One day a man was walking along the beach and found a bottle. He looked around and didn't see anyone so he opened it. A genie appeared and thanked the man for letting him out.
The genie said, "For your kindness I will grant you a wish, but only one."
The man thought for a minute and said, "I have always wanted to visit Hawaii but have never been able to because I'm afraid of flying and ships make me seasick. So I wish for a road to be built from here to Hawaii."
The genie thought for a minute and said, "No, I don't think I can do that. Just think of all the work involved: the pilings needed to hold up the highway, how deep they would have to be to reach the bottom of the ocean. Think of all the pavement that would be needed. No, that is just too much to ask."
The man thought for a minute and then told the genie, "Well, there is one other thing that I have always wanted. I would like to be able to understand my girlfriend. What makes her laugh and cry, why is she temperamental, why is she so difficult to get along with? Basically, what makes her tick?"
The genie considered for a few minutes and said, "So, do you want two lanes or four?"
An Italian and a Greek were arguing about which country added the most to civilization.
The Greek: We built the Acropolis!
the Italian: We built the Colloseum!
The Greek: We gave the world advanced math!
the Italian: We made the Roman Empire!
The Greek: We discovered sex!!
the Italian: And we introduced it to women!!
Two hunters shot a deer, and were dragging him to the car by the hind leg, which was difficult because the other legs kept snagging in the brush.
"Chet, I've got an idea, I think we are doing this wrong. Let's try dragging him by the horns, like we were advised by the ammo-store salesman."
"OK," says Ivan.
After a while, Ivan says, "I think this is a lot better because his legs fold up and don't get caught in the brush, but we seem to be getting farther from the car."
I went to blockbusters last night and asked if I could borrow Batman Forever.
The bloke at the counter said, "NO you have to bring it back tomorrow!"

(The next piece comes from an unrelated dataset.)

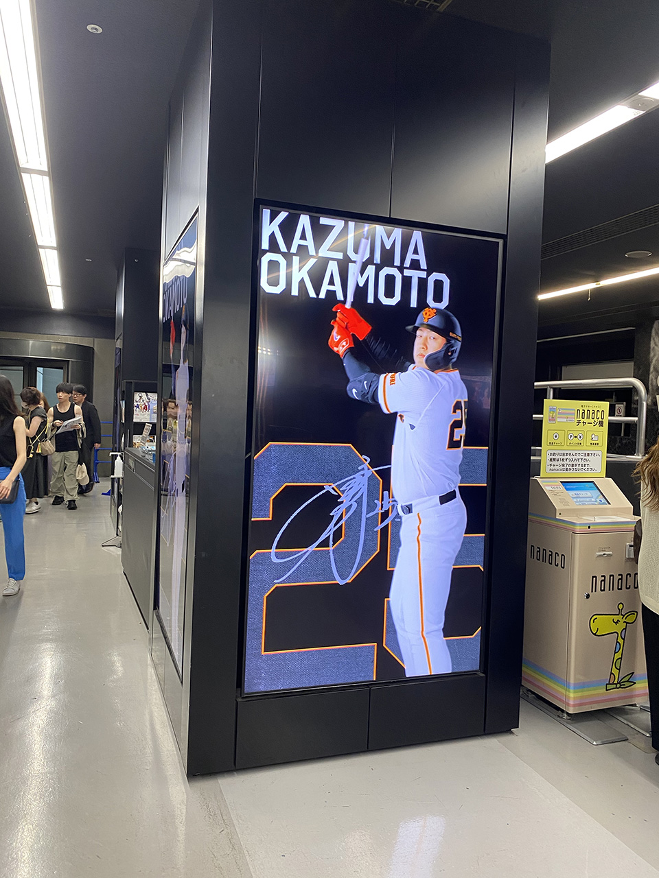 - ▲岡本和真選手も、電光パネルの中からお出迎え。

Scientists have finally discovered what is wrong with the female brain:
On the left side, there is nothing right, and on the right side, there is nothing left.
Police have found the body of a man in the Thames wearing a Chelsea shirt, women underwear, fishnet stockings, suspenders and with an extra large dildo stuck up his arse.

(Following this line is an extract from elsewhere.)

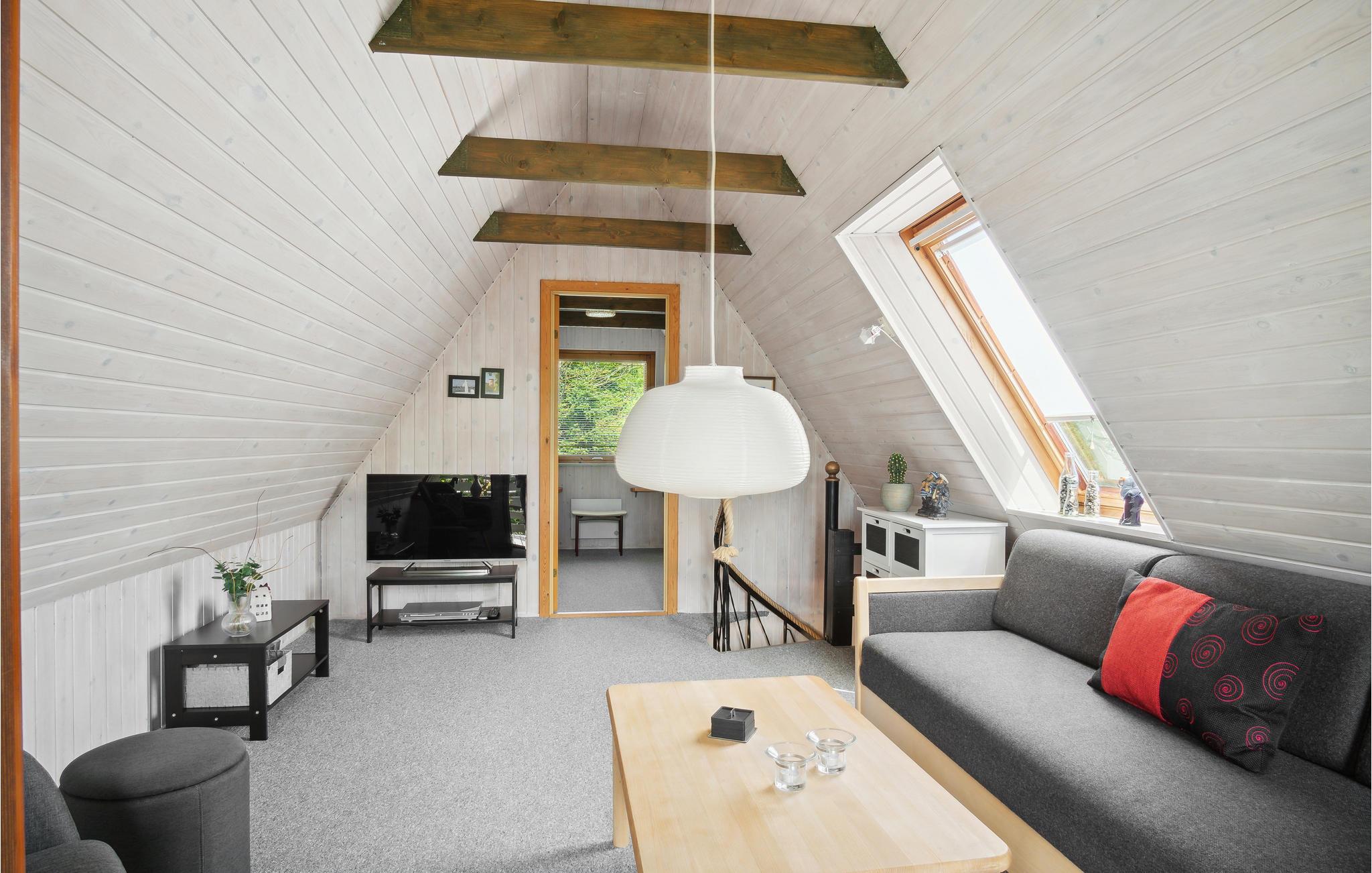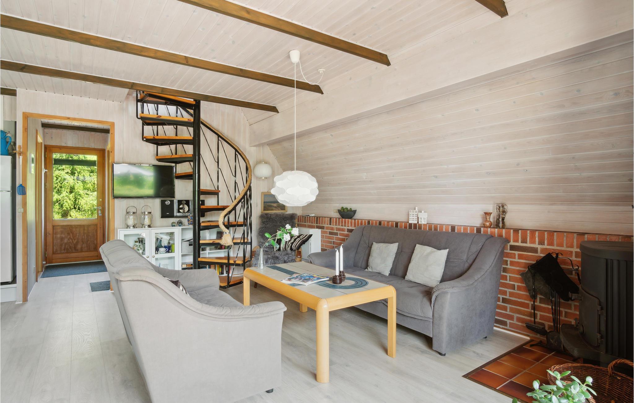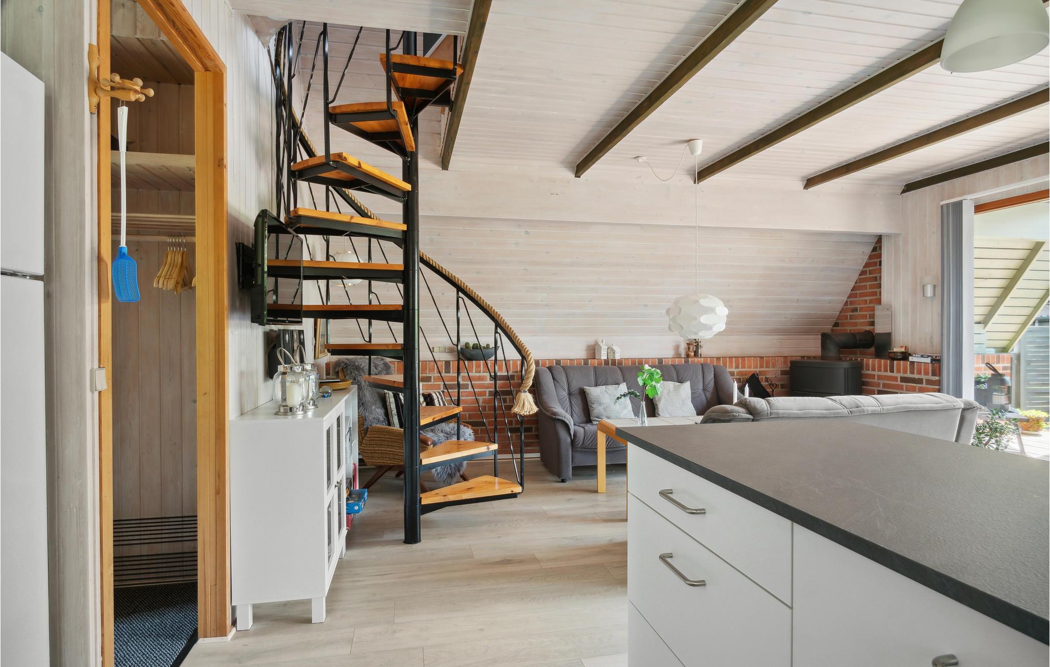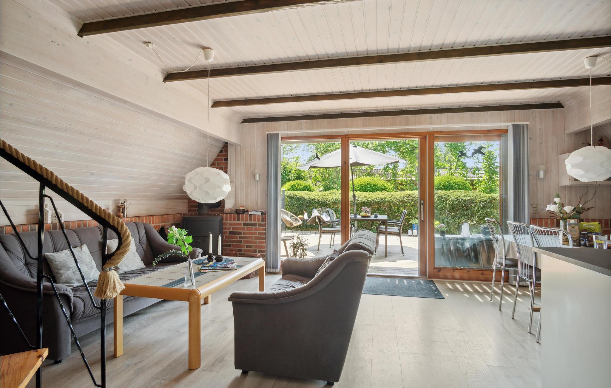 Træd ind i dette feriehus, som er enkelt og smagfuldt indrettet med sans for detaljer, og I vil straks føle jer hjemme. Den hyggelige stue med åbent køkken indbyder til at tilberede måltider sammen, og senere er sofagruppen den ideelle ramme for hyggelige aftener. Læg mere brænde i brændeovnen, og nyd flammernes hyggelige knitren.
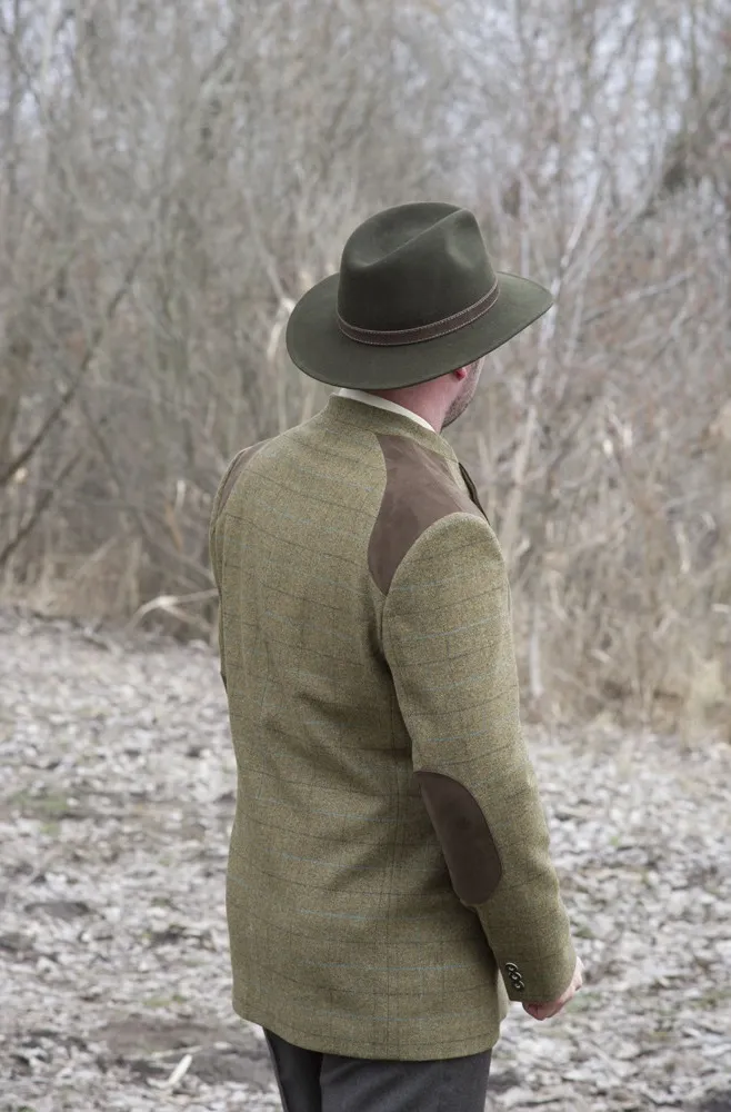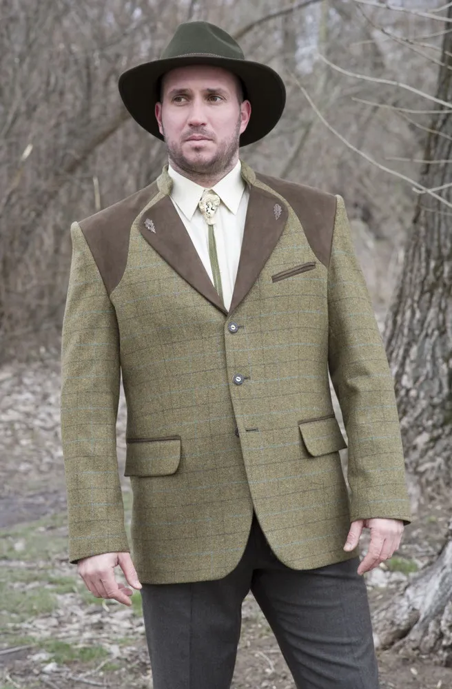 Prvotřídní materiál zelené barvy s hnědým károváním je doplněn imitací kůže z hnědého veluru na klopách, ramenech a lemování kapes. Z imitace kůže jsou také záplaty na loktech na rukávech.

They have removed the Chelsea shirt to save the family any embarrassment ...
Three guys are at a restaurant, all with their girlfriends.

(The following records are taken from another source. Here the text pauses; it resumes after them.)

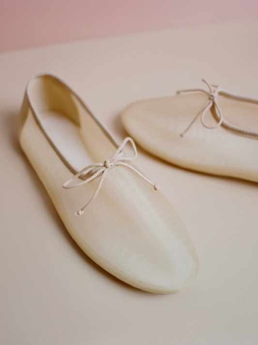 Beige Mesh Super Cute Bow Ballet Flats With Almond Toe
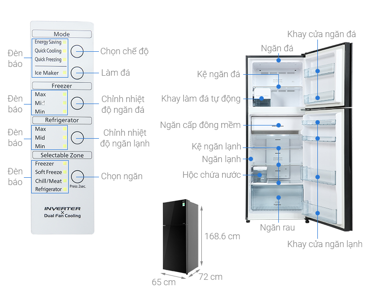 Tiện ích nổi bật Đệm cửa chống mốc – Đèn LED chiếu sáng – Khay thủy tinh chịu lực – Hộp đá xoay di động – Chế độ cấp đông nhanh – Làm đá tự động
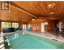 Incredible Opportunity, Touch of Heaven Nordic Spa and Retreat . Welcome to Touch of Heaven — a rare and luxurious business opportunity set on an awe-inspiring 157 acres of lush Northern Ontario landscape. This established and beloved Nordic spa and retreat offers a turnkey wellness experience, complete with all equipment and facilities ready for operation. The centerpiece is a stunning 2,400 sq.ft. owner’s residence featuring a chef’s dream kitchen with granite countertops and island, three spacious bedrooms, spa-like bathrooms and Beautiful porcelain tile in-floor heating, and a dramatic floor-to-ceiling two-way stone fireplace. The complete building facility offers over 8000 ft.² the luxury spa boasts 4515 ft.² and includes a separate self-contained and beautifully appointed 1,432 sq.ft. two-bedroom apartment — ideal for Airbnb or bed-and-breakfast use. Inside the spa, guests are welcomed into a serene atmosphere with vaulted ceilings, heated slate floors, full men’s and ladies’ washrooms and change areas, massage and therapy rooms, and a breathtaking indoor enclosed pool. Services have included massages, facials, body scrubs, manicures, pedicures, and complete overnight getaway packages. With Phase Two of the retreat partially developed, the next owner can unlock massive potential by completing the planned outdoor Nordic spa experience — including hot tubs, cold saltwater pools, sauna, gazebo, and more. Whether you’re looking to invest in a thriving wellness business or create a private retreat oasis, Touch of Heaven offers unmatched opportunity, beauty, and growth in the heart of Northern Ontario. (id:50886)
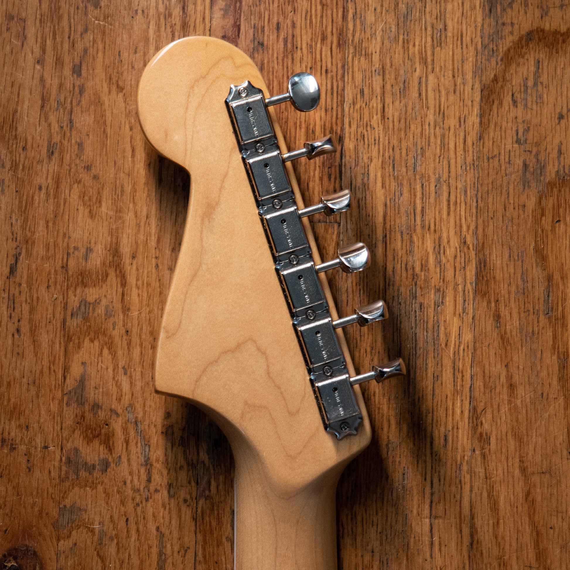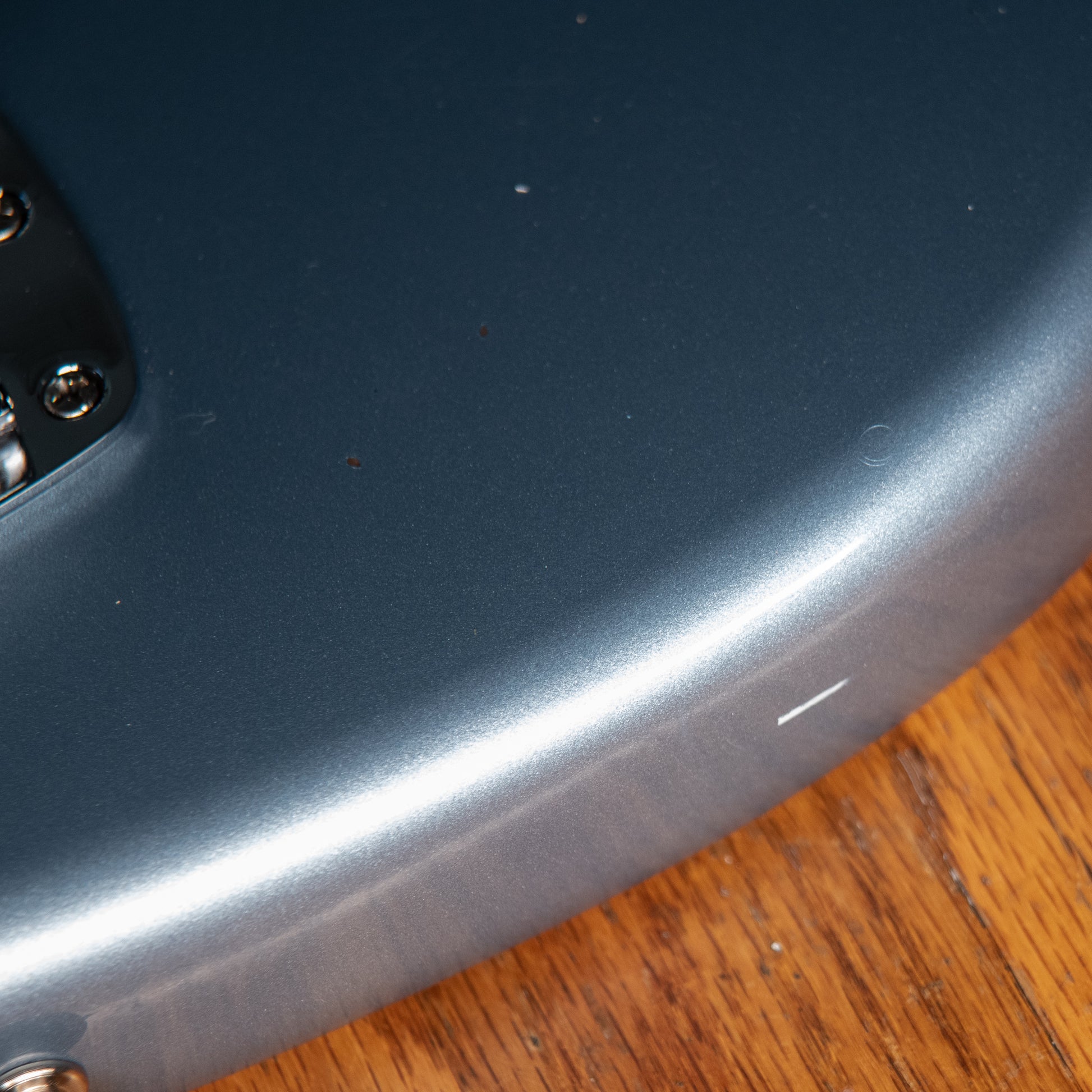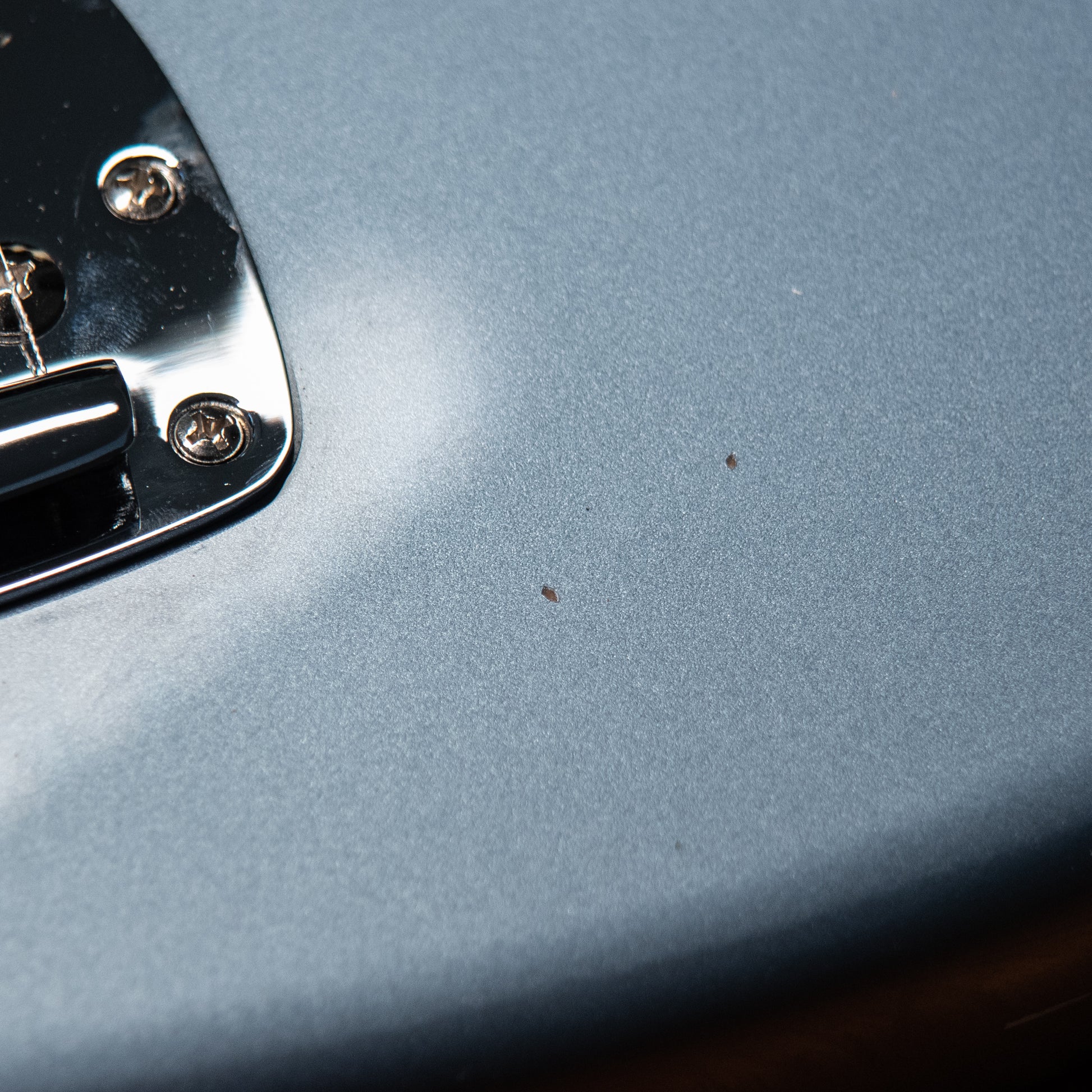 Ice Blue Metallic surely must be one of the greatest finishes! This American Original Jazzmaster is a great playing guitar, and would be perfect for our Makeover Kit! It has some blemishes across the body which are shown below, but is in otherwise great shape. The original tort guard has been replaced with the parchment, but can be changed back if desired!

The first guy, thinking he is all suave, says to his girlfriend, "Could you pass me the honey?...Honey.
Now, the second guy, copying the first, says to his girlfriend, "Could you pass me the sugar?....Sugar.
So now, the third guy is under pressure. He has to come up with something good.
After, a minute of thinking he says to his girlfriend, "Pass me the pork...pig."
A Muslim was sat next to an Australian on an airplane. After the plane had taken off the air hostess came over and asked for drinks orders.
The Australian orders Jack Daniels and coke.
The air hostess asks the Muslim if he too would like a drink?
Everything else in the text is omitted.